Work to be completed:
Look through the material below and copy exactly the lines from the line with "құямыз. | |" to the line with "- Le menu d’extinction", those two lines included.

Given data:

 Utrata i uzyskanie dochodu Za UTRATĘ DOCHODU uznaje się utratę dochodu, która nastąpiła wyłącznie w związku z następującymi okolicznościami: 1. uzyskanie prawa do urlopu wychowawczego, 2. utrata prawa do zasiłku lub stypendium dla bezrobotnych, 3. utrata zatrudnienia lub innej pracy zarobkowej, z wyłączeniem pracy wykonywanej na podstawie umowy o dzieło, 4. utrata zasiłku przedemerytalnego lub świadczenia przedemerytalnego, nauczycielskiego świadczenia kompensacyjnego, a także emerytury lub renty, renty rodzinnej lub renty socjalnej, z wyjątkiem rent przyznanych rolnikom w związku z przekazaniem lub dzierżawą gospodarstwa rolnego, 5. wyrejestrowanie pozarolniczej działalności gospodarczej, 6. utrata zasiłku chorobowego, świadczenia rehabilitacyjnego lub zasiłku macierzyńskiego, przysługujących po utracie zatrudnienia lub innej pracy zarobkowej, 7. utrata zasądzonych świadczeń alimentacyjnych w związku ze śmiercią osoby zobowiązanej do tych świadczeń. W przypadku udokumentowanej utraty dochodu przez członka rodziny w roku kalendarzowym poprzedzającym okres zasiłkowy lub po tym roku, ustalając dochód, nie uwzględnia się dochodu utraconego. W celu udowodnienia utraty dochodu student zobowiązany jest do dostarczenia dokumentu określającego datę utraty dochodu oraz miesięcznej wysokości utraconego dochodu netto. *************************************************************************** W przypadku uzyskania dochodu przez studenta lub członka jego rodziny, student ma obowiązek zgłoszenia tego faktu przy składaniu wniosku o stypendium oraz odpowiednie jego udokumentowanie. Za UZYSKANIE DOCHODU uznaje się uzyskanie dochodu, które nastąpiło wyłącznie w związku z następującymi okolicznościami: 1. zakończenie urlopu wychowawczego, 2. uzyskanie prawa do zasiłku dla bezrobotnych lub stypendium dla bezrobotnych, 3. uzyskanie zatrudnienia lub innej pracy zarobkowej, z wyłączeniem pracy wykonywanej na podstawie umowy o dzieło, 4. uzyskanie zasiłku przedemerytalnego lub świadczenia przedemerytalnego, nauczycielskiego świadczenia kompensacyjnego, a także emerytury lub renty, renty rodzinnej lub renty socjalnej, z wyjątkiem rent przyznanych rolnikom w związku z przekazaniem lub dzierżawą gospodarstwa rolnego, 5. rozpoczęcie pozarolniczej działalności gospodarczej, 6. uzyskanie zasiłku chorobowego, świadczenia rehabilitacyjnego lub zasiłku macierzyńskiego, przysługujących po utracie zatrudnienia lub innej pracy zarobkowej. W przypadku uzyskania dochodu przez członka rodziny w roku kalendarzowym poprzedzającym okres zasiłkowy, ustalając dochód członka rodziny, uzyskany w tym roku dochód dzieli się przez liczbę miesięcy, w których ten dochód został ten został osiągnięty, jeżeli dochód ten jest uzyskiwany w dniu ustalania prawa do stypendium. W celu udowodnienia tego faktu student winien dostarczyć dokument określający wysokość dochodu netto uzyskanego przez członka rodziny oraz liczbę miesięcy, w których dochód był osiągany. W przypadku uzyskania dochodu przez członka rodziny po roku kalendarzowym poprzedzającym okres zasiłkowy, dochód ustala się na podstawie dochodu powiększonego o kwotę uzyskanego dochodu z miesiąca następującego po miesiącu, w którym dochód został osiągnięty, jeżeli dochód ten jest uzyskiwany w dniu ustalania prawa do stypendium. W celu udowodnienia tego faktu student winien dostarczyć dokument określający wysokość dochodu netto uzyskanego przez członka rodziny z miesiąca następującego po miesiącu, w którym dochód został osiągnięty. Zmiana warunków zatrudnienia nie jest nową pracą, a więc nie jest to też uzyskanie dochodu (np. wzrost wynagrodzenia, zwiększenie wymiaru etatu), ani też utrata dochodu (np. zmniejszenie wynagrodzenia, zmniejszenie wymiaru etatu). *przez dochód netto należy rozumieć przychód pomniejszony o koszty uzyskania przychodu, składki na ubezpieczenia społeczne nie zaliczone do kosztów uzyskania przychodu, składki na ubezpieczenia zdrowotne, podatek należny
---
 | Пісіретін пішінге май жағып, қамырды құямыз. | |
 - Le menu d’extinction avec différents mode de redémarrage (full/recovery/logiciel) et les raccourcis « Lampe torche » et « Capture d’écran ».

Response to this task:
 | Пісіретін пішінге май жағып, қамырды құямыз. | |
 - Le menu d’extinction avec différents mode de redémarrage (full/recovery/logiciel) et les raccourcis « Lampe torche » et « Capture d’écran ».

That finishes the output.